Several studies have previously used the case-parent triad design to investigate GxE interactions in clefting (Jugessur et al., 2003; Shi et al., 2007; Wu et al., 2010). Case-parent triads allow a range of causal scenarios to be investigated with relatively high precision (Gjessing and Lie, 2006). These include fetal and maternal gene-effects, parent-of-origin effects, gene-gene (GxG) interaction, and GxE interaction. For GxE interaction, one compares the transmission of a particular allele or haplotype to an affected offspring between triads of exposed and unexposed mothers. A statistically significant difference between the two transmission patterns would suggest a multiplicative interaction. The use of case-parent triads also overcomes the problem of population stratification by effectively using non-transmitted parental alleles as controls, to be compared with the alleles transmitted to the case child. As both the case and control alleles derive from the same individuals, they are thus guaranteed to be selected from the same population subgroup.
Despite these attractive attributes, a notable limitation of the case-parent triad design is its inability to assess the main effects of an environmental exposure. Comparing genetic effects in the exposed and unexposed triads may reveal interactions, but says nothing about whether the environmental exposure is protective or deleterious. While the case-parent triad design protects against population stratification, it has in general a somewhat lower efficiency than a case-control design. As a consequence, various “hybrid designs” have been proposed to combine the merits of the case-parent triad and case-control design. The full hybrid design involves complete case-parent triads together with complete control-parent triads (not necessarily the same number of controls as cases), but truncated versions that include leaving out the control child and genotyping only his/her parents, leaving out the control-father, or using case-mother dyads together with control-mother dyads have also been proposed (Kazma et al., 2011; Vermeulen et al., 2009; Weinberg et al., 2011; Shi et al., 2008).

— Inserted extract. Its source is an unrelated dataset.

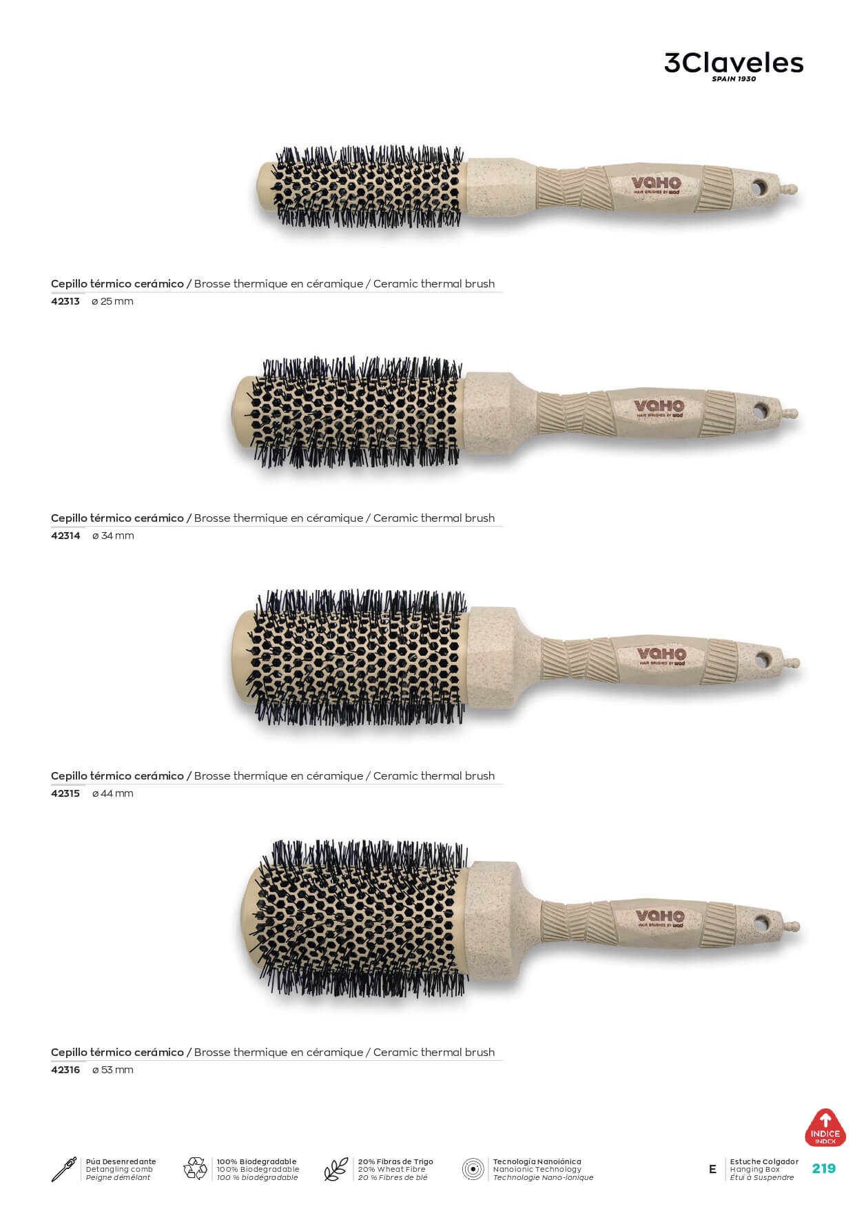 Escovas térmicas em cerâmica com cerdas desembaraçantes
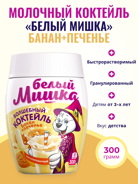Ищете вкусный и быстрый в приготовлении десерт для ребенка? Нежнейший банановый молочный коктейль не оставит равнодушным даже взрослых. Волшебный коктейль Белый мишка очень прост в приготовлении, процесс займет не больше минуты вашего времени. Из сухой смеси можно сделать: коктейль, йогурт и даже соус. Добавьте в стакан молока 5-6 ложек сухой смеси, перемешайте, и вы получите чудо напиток, от которого невозможно оторваться. Если хотите получить пенистый напиток, взбивайте охлажденное молоко с высоким процентом жирности миксером или ручным капучинатором 1-2 минуты. Для приготовления плотного густого холодного напитка можно смешать молоко с мороженым в равных пропорциях. При добавлении смеси в кефир или ряженку получается вкуснейший йогурт, а если соединить смесь со сметаной, вы получите банановый соус, который можно подавать с блинчиками или оладьями.

Because the hybrid design involves independent controls, it adds more statistical power to the analyses and allows an estimation of the main effects of an exposure. A complete caseparent triad provides two transmitted case alleles and two non-transmitted control alleles, but adding a complete control-parent triad adds four independent control alleles. Since the alleles carried by the control child are already present in his/her parents, a complete controlparent triad thus counts as two full independent controls. Although the hybrid design gains advantages from both the case-parent and the case-control designs, it is also to some extent influenced by population stratification. Since it incorporates a case-control component, the bias in the latter may show up in the overall estimate. While the effect is lower than for the case-control design alone, it may still be noticeable.
The HAPLIN implementation of the hybrid design uses a full maximum-likelihood log-linear model setup, as a direct extension of the case-parent triad model originally implemented in HAPLIN (Gjessing and Lie, 2006). The implementation makes the standard “rare disease assumption” which allows relative risks and odds ratios to be used interchangeably. This assumption is reasonable for orofacial clefts given the relatively low overall risks of CL/P and CPO, thus enabling the relative risk estimates from the case-parent triads to be combined with odds ratio estimates deriving from the case-control comparison. An advantage of the complete maximum-likelihood framework is that imputation of missing genotype data and haplotype reconstruction can be done using the EM algorithm. There is, however, always a price to pay in the form of increased computation time due to more complex model implementation. An additional advantage of the log-linear model setup is that we can obtain explicit estimates for relative risks with asymptotic standard errors. Based on this, interactions may be quantified by computing ratios of each stratum relative risk to a reference stratum. Testing can be performed using the likelihood ratio, Wald, and score tests.
The Wald test for interaction is a flexible approach that allows any set of estimated parameters to be compared across the strata of exposure. In the present application, we only analyzed a single parameter – the log relative risk for a given SNP variant under the assumption of a multiplicative dose response. If haplotype risks were estimated, one might equally well test relative risks linked to more than one haplotype. Similarly, one might test for different haplotype frequencies across strata. The model setup is also simplified by estimating the same model over all strata independently. As an additional check of the software implementation and estimation, we performed a likelihood ratio test for the same interactions. The LRT requires the null model to be estimated explicitly, in this case with a model assuming different SNP frequencies but the same SNP relative risk across strata. The results from the LRT were nearly identical to the Wald test, as would be expected in our model framework.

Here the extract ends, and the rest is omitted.